Google released its latest world model, Genie 3, for research preview last August, and opened up access to the tool to Google AI Ultra subscribers in the US in January, allowing customers to create interactive game worlds from text prompts and images. The goal is to use Genie for educational experiences, games, and robot training.

The Genie 3 is already powering one of Waymo’s simulators to help train self-driving cars in “very rare events” like tornadoes or accidental encounters with elephants. Adding Street View data to this could help Waymo prepare to launch in more cities around the world.

Waymo has its own simulator, which it expanded to 11 U.S. cities and used to test its AI drivers in several more. The difference with the Genie is that this is all from the car’s perspective, Parkerholder says. In addition to simulating a world anchored in real-world locations, Street View also allows you to shift your perspective to other types of agents, such as humans or robots.

Google is launching Genie Street View for some Ultra users in the US today, and will slowly roll out access at scale. The company says global Ultra users will gain access in the coming weeks.

According to Diego Rivas, product manager at DeepMind, the researchers’ goal is to make this new feature available to as many people as possible. He cautioned that Street View in particular, and Genie in general, are still in the experimental stage and there is room for improvement in terms of accuracy.

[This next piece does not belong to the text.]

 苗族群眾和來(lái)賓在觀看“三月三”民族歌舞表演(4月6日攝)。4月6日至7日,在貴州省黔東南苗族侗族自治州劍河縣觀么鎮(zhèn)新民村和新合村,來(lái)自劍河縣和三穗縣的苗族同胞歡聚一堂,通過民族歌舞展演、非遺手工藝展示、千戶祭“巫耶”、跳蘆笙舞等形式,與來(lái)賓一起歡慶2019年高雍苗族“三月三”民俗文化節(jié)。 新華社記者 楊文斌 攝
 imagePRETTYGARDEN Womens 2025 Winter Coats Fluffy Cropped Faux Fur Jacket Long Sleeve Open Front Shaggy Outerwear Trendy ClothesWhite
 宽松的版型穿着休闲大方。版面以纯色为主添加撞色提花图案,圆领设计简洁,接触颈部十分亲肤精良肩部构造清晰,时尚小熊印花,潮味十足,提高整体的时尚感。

In the samples the Google team showed me (including an underwater simulation of the area where I used to live), the results were impressive and recognizable, but still more video game quality than photorealistic. Also, the model is not yet physics aware. That is, cause and effect are not yet understood. For example, in a simulation of a woman running through snow-covered Joshua trees, she ran straight through cacti and bushes.

Compare this to, for example, Google’s image generation tool Nano Banana (which can now generate perfect text in infographics) or its video generation tool Veo. Veo understands that paper boats float on currents, smoke diffuses into the air, and fabric drapes over shapes.

These models do not have physics hardcoded into them. They learn it intuitively over time, through passive observation, just like living things.

“For these types of models, I think they’re probably six to 12 months behind video in terms of accuracy and quality, so I think that can be resolved,” Parkerholder said.

Google Maps director Jonathan Herbert, who joined the Street View team as an intern 12 years ago, said Genie still can’t faithfully recreate streets. He believes the real progress is in the spatial continuity of AI. When you rotate 360 ​​degrees, the AI ​​accurately remembers and simulates the environment behind you. From that point on, the model can build new environments on top of it.

“We’ve been thinking for a long time about how to build the world’s best and richest models based on Street View data,” said Herbert. “Using map data in new ways and for new kinds of AI research has definitely been an idea of ​​ours for quite some time.”